Aric Putnam (born July 7, 1972) is an American politician and a member of the Minnesota Senate. A member of the Democratic-Farmer-Labor Party (DFL), he represents District 14, which includes parts of Benton, Sherburne, and Stearns counties in central Minnesota.

Early life, education, and career 
Putnam was born on Andrews Air Force Base while his father fought in the Vietnam War. After returning, his family moved to California, where he grew up. After graduating from high school, Putnam earned his B.A. at San Francisco State University. He later moved to Maine, where he completed his M.A. at the University of Maine. In the late 1990s, Putnam moved to Minneapolis, Minnesota, where he completed his PhD at the University of Minnesota.
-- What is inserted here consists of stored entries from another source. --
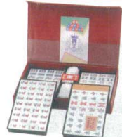
11-201-1 さんご ¥7,800
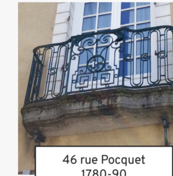
46 rue Pocquet 1780-90 (13)
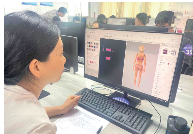
■3D内衣设计比赛中,选手认真设计内衣样式。

在实操竞赛中,参赛选手要在3.5小时内,运用3D设计软件,巧妙构思并设计出一件件惊艳眼球的内衣。
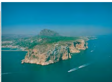
Cabo de San Antonio
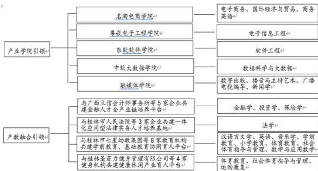
图2 产业学院、协同育人平台情况一览表

面向基层需求，明确应用型人才定位，构建专业集群，形成以重点专业为龙头，相关专业为支撑的“文化创意与教育、财经商贸与法律、旅游+运动康养、信息与通信技术”等4大专业集群；建设产业学院，建成校企深度融合的“名淘电商学院”“粤嵌电子工程学院”“东软软件产业学院”“中软大数据产业学院”“融媒体学院”等5个产业学院；搭建协同育人平台，建成一体化的应用型法律实务人才培养基地、金融人才全产业链培养平台、学前教育、基础教育协同育人平台、健康休闲产业育人平台等4个协同育人平台，实现了教育供给和产业需求对接（见图2）。
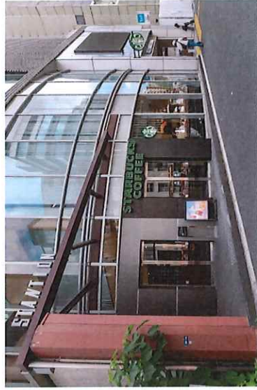
1階店舗・エントランス
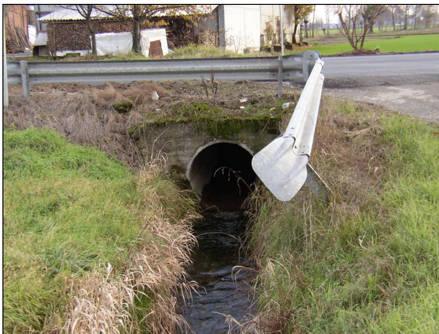
ATTRAVERSAMENTO BARIAG007 (da: BUGNA004 – foto 029)
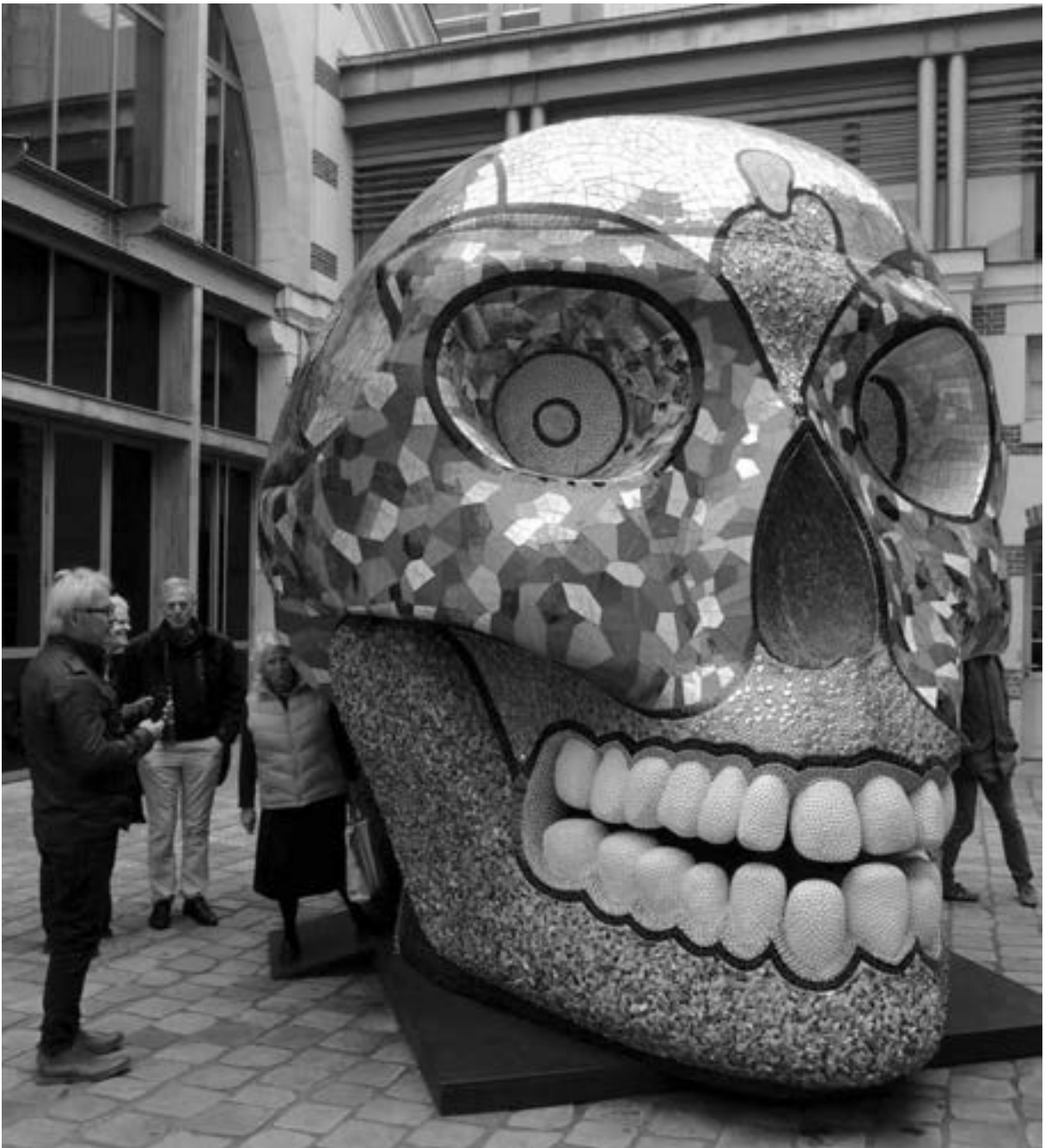
Paris Le 104, ein Werk von Niki de St. Phalle
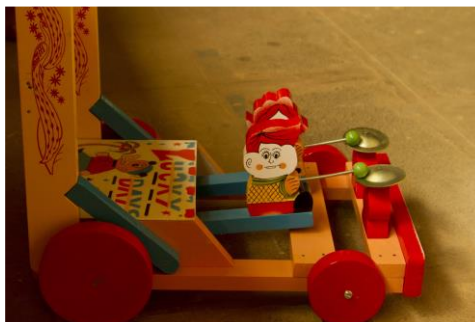
Slika 17. Šetalica za dojenčad (Bibhudutta Baral i dr., 2016)
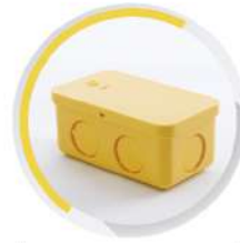
กล่องพักสายสี่เหลี่ยม 4"x2" ร้อยสาย 15-18-20 มม. (3/8"-1/2"-3/4")
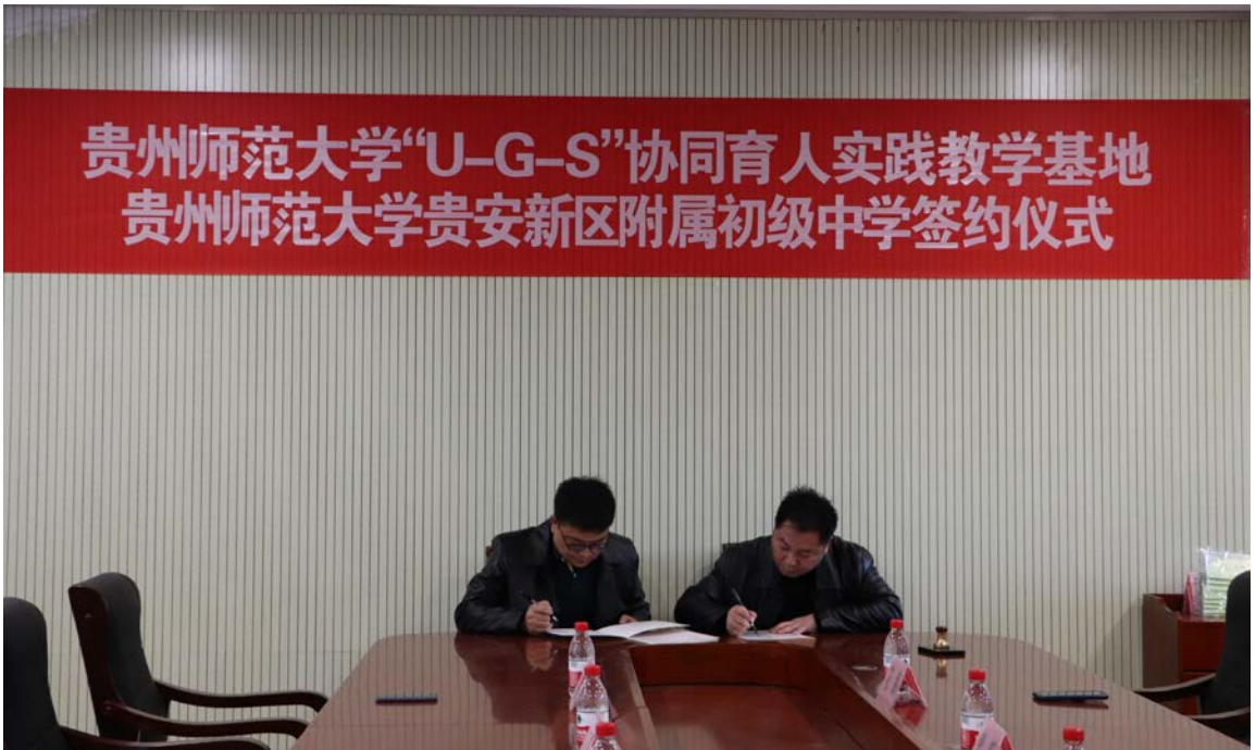
双方签订“U-G-S”协同育人实践教学基地协议
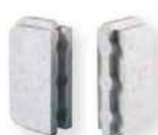
b Bouchons d'extrémité
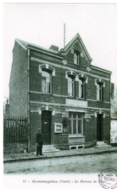
Vue de la poste
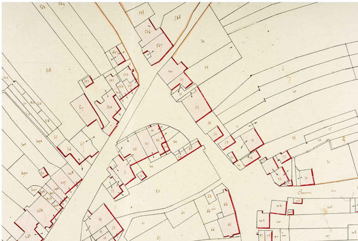
Cadastré de la commune de Montécheroux. Atlas parcellaire, 1830, section D en une feuille [détail : quartier de la rue de la Planchette], 1/1 250.
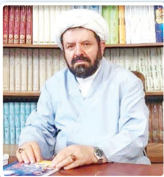
مقاله از: شیخ علی واشقانی فراهانی

این کتاب در چهار فصل تدوین یافته است که نگارنده آن در فصل نخست «جایگاه و نقش مسجد در اسلام» در هفت موضوع و در فصل دوم، به «سیمای مسجد حضرت امام رضا (ع)» در یازده مبحث می‌پردازد. فصل سوم با موضوع «مسجد امام رضا(ع) از دیدگاه مردم و نمازگزاران» و فصل چهارم درباره «جایگاه مسجد در آثار اهل هنر» است. به گزارش پایگاه تخصصی مسجد به نقل از عقیق مساجد از صدر اسلام می‌شدند و مهم‌ترین پایگاه‌های اجتماعی، سیاسی و فرهنگی شمرده به عنوان اهمیت آن به قدری بالا بود که پایهای تمدن اسلام از آنجا نهادینه شد. متأسفانه طی سالیان اخیر مساجد به دلایل متعددی کارکردهای اصلی خود را از دست داده‌اند و تنها به محلی برای اقامه نماز تبدیل شده‌اند. در این بین ائمه جماعتی هستند که به این تهدید توجه کرده‌اند و بر اساس رسالتی که بر عهده دارند، اقدامات مناسبی را در راستای احیای مساجد انجام داده‌اند و سعی کرده‌اند منویات مقام معظم رهبری را جامعه عمل بپوشانند. یکی از نکات مهمی که معظم له در دیدار اخیر ائمه جماعات اشاره داشتند، نگاشتن سرگذشت مساجد بود؛ ایشان در این دیدار اشاره داشتند: «مساجد ما یعنی مساجدی بی نیاز می‌دانند باشند که غیر از کتاب و غیر دروغ و تکنولوژی وجود دارد، و شبکه‌های مجازی که نباید فراموش کرد که صدای خودکار و ممد کم رنگ و مهمتر و بی‌همتای هر چیز دیگر است و مورد اعتماد، و شیرازه
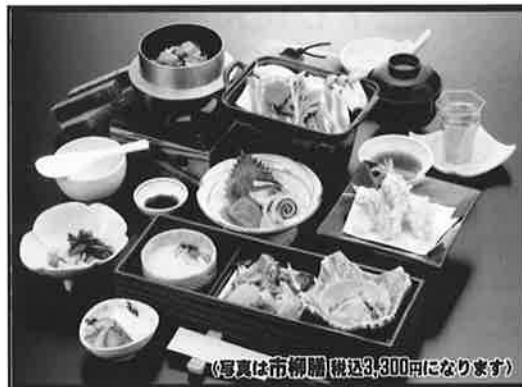
(写真は市柳膳 税込3,300円になります)

八戸市吹上一丁目15-90 TEL.0178-43-1111 http://www.Hachinohe-park.com
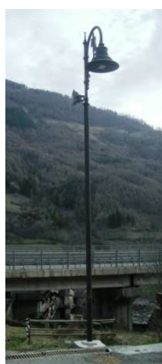
PLF14 – PLF15 – PLF16 (INTERRATA)
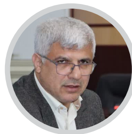
معاون استاندار گلستان:

دیپلماسی و پدافند غیرعامل راه نجات استان از ریزگرد است
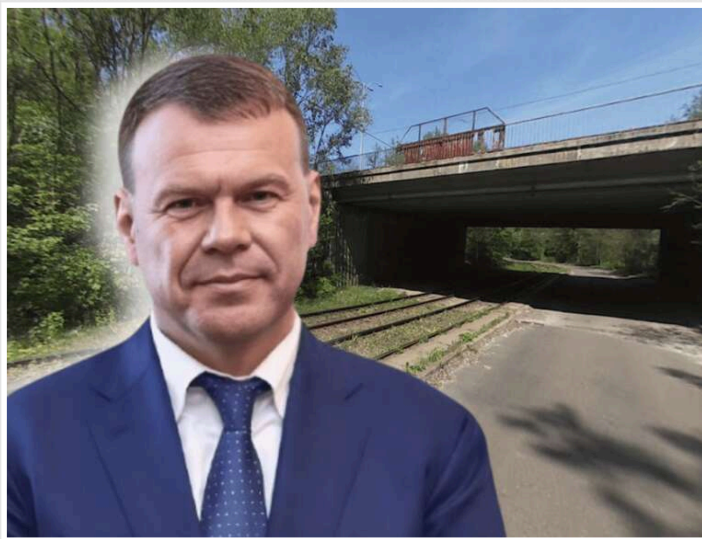
Тандем під підозрою: КП “Київавтошляхміст” віддало великий підряд компанії, що фігурує в схемах СБУ та прокуратури

КП “Київавтошляхміст” за 95,3 млн гривень замовило оновлення шляхопроводу над трамвайними коліями на Окружній дорозі в Подільському районі столиці. Підрядником обрали ТОВ “Д-Груп Інжиніринг” із край суперечливим досьє: раніше ця компанія отримувала лише два дрібні бюджетні підряди загальною вартістю трохи понад 20 тисяч гривень, була заснована особою без жодного іншого бізнесу, деякий час належала офшорній фірмі та навіть була підловлена Антимонопольним комітетом у змові на тендері. Також “Київавтошляхміст” не спинило те, що “Д-Груп Інжиніринг” фігурує щонайменше у двох кримінальних провадженнях як учасник схем із відмивання бюджетних коштів.
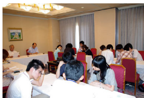
奨学生夏季研修旅行
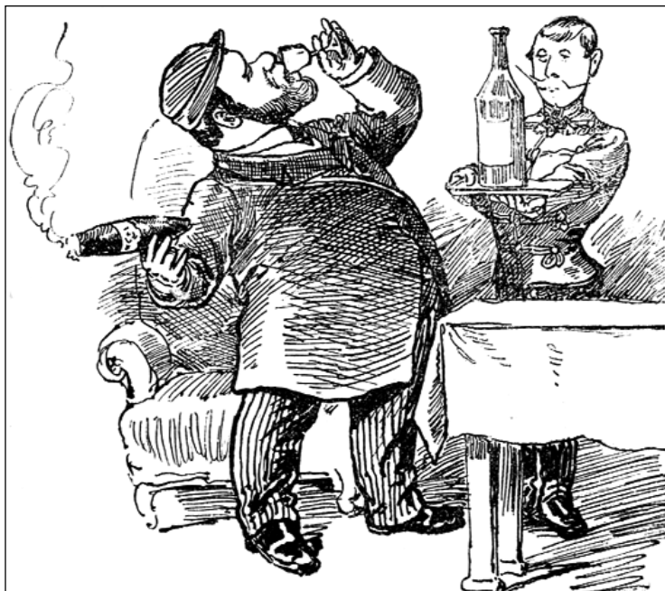
Nemcsak a szivar ártalmas... (Jankó János rajza)

„Érthető, ha ily emberek balga rajongásukkal, korlátolt hiúságuk-
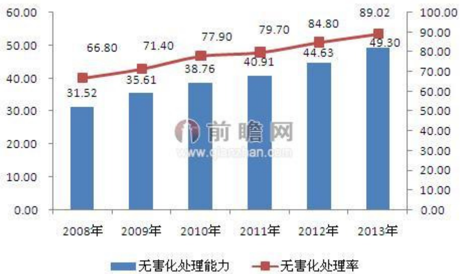
圖表 3：2008-2013 年城市生活垃圾無害化處理能力和無害化處理率(單位：萬噸，%)
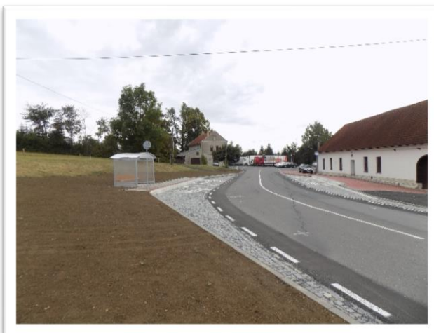
Obrázek - 1. výzva z IROP (Řešení bezpečnosti chodců u komunikací v obci Koclířov)
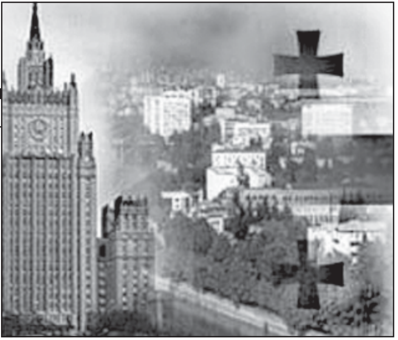
ზვირ განცხადებაზე შორს არ მიდის. არც ერთი სახელმწიფო, მათ შორის აშშ, არ გაიფუჭებს ურთიერთობას რუსეთთან სხვანაირი მხარდაჭერით ჩვენდამი. უკანასკნელი 15 წლის ისტორია აგას ალსატურებს. მსოფლიო რუსეთის მხარდაჭერა რომ გვქონდეს, დღეს უფრო ახლოს ვიქნებოდით ქვეყნის ტერიტორიულ მთლიანობის აღდგენაზე ოცნებაზე შედეგითა. ჩვენით რა რუსეთთან ცივ ომში, უკვე წინასწარ მოგანერეთ ხელი ჩვენი კაპიტალიზაციის აქტს!

ლოც დიდ სახელმწიფოს – რუსეთს, „პარის მიზნულ“ უფრო მეტი სტრატეგიული ინტერესები რომ ჰქონდეს საპარტეზლოში, ამის შესახებ კითხვის დასვაც კი ვერაზალოც იტოვება და შეიძლება ერის მოლაშქრად გამოაცხადონ კითხვის ავტორი. რა ჩვენი საშემა რასურს რუსეთს, ვინ ჰკითხავს რუსეთს ჩვენი სტრატეგიული ინტერესების შესახებ? იმისი სიტყვით, ჩვენმა პოლიტიკოსებმა ელიტამ რუსეთში იღი ხანი, „ჩამოწრა“ ანაბრიში და და ამ ქვეყნად მისი არსებობა ჩვენი მსოფლიო მისი დასაძვით იბრძობა. ან ასეთი სახელმწიფოთა შორის ურთიერთობის ჩვენი პოლიტიკური ელიტისთვის ბავაბა, პოლიტიკა და დიპლომატი. ყოველივე ამის შემდეგ კარგს რას უნდა ველოდეთ რუსეთისაგან?
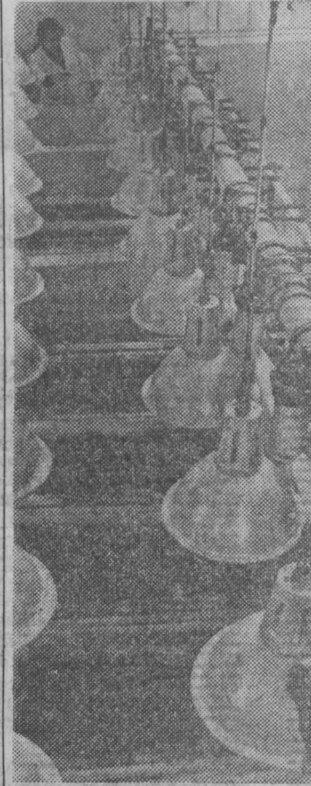
МОЛДАВСКАЯ ССР. В колхозе «Молдова» Нотосского района построен цех круглогодичного выращивания хлореллы. Ежедневно он дает шестьдесят тонн пасты хлореллы и суспензии — ценных витаминных добавок к кормам для крупного рогатого скота, свиней и птицы.
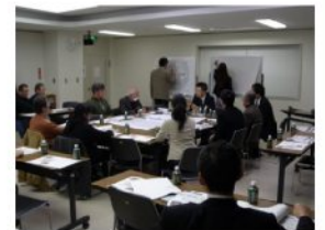
▲第2回景観デザイン部会の様子

これまでに4回の部会を開催し、景観まちづくりで残したい風景や工夫したいことなどについて意見交換を行いました。また、これまでの意見やアイデアをもとに、小岩駅周辺地区の《景観デザインの方向性とルール》についても検討しています。
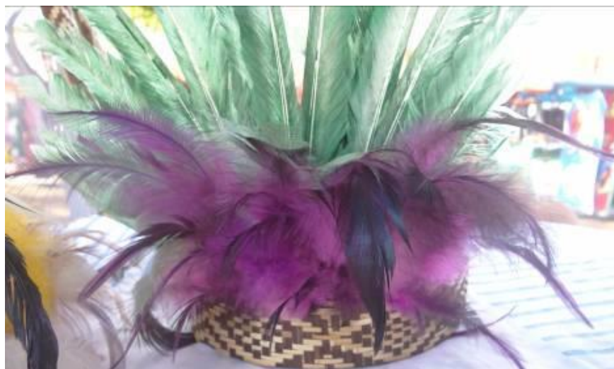
Figura 8 - Cocar confeccionado pela artesã Antônia Aparecida. Matérias-primas: penas coloridas, taquara e cipó

He has been a professor of communications at the College of Saint Benedict and Saint John's University since 2003.

Minnesota State Senate 
Putnam was elected in 2020, defeating incumbent Republican Jerry Relph, who died after the election. He was an unsuccessful candidate for District 14A of the Minnesota House of Representatives in 2016 and 2018 against Republican incumbent Tama Theis.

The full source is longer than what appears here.